The reason for this slow adoption varies, but as a general rule, change happens when pain points become so prominent there is no other choice but to do things differently. Up until now, the real estate industry as a whole has not felt enough “pain” to cause it to change, or in other words, the old way of doing things worked fine (until it didn’t). According to Wallace, the industry has finally reached its threshold for pain: “Receptivity to adopt tech is higher than ever before.” That is not to say all real estate companies have moved as equally slow when it comes to sustainability and innovation. Some companies have taken the initiative to improve their reputations and better align with consumer choices by branding themselves environmentally-friendly, but these brands also need to “walk to walk” by investing the dollars needed to become sustainable.
In 2018, Boston Properties raised $1 billion in bond debt for sustainable development projects.This green bond was the result of increased interest from investors in sustainable developments, but it was also the result of listening to what Boston Property clients desired from the spaces they were occupying. At the time, with “over 20 million square feet of LEED-certified space under management, it was clear to them that the demand for sustainability was growing. In a 2019 recap letter to stakeholders, Boston Properties highlights included growing their green bond offerings by an additional $850 million since its inception, which is close to doubling the original amount. The letter also stated that the company has reached its “second carbon emissions reduction target six years early” and was also the recipient of many sustainability awards, including the 2020 Energy Star partner of the year selected by the U.S. Environmental Protection Agency.

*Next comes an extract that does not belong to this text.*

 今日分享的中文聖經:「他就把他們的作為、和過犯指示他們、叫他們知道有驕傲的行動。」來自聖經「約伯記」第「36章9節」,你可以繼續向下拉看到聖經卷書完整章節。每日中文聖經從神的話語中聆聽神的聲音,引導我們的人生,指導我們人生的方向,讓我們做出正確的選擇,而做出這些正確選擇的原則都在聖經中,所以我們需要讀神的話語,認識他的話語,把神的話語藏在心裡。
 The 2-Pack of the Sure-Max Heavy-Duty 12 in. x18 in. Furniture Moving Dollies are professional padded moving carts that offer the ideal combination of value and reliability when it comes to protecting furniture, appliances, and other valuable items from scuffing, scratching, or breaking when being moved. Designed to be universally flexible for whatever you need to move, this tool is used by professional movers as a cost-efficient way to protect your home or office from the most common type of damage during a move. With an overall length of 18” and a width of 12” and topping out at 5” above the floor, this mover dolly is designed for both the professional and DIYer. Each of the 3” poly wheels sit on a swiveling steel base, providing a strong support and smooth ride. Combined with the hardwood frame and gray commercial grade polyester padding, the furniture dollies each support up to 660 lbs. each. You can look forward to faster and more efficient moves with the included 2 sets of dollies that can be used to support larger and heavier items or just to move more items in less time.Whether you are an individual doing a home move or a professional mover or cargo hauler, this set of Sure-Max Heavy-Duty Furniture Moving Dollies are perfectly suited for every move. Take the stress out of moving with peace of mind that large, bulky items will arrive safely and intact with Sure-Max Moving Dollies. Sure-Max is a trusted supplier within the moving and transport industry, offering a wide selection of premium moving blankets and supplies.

However Wallace warns that these types of awards are sometimes fluff, lacking any real substance. “There are awards and initiatives, but those are often just decorative. Those are just dressing,” said Wallace. His solution? “You need hard work, and you need R and D. Real estate has a collective action problem. There is an investing shortfall. We need to pool our resources,” explained Wallace. Wallace envisions the industry pooling resources to invest in technology that will help it decarbonize. Because of COVID-19, the real estate industry’s issues are more pronounced now than ever before. Wallace believes that smart companies will reinvent their businesses and use technology to build sustainability into the core of their operations, and those that don’t won’t be around for much longer.

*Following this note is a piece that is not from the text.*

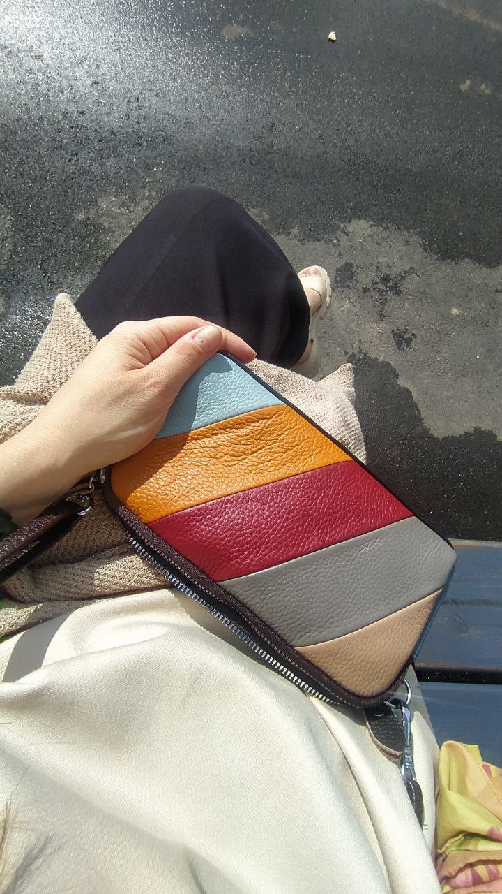 Прекрасна на подарок! Купила уже второй подруге, нравится, что можно надевать со всеми вещами, т.к. разнообразие цветов. Кожа чувствуется - на ощупь, на запах. Смартфон спокойно помещается, два отсека внутри, плюс еще 2 маленькх кармашка - один на замочке, другой открытый - для мелочей, карт и др.

In 2020, BlackRock CEO Larry Fink wrote a detailed letter to shareholders that plainly states “climate risk is investment risk.” Fink makes it clear that while governments must lead to the way for change, investors and corporations also have a hefty responsibility when it comes to forging a new decarbonized future. While there are some commercial real estate companies taking steps in the right direction, it’s now more evident than ever that building sustainable, safe environments is just as important to investors as it is to occupants. We may rely on the built world for shelter, but we rely on the actual world for life.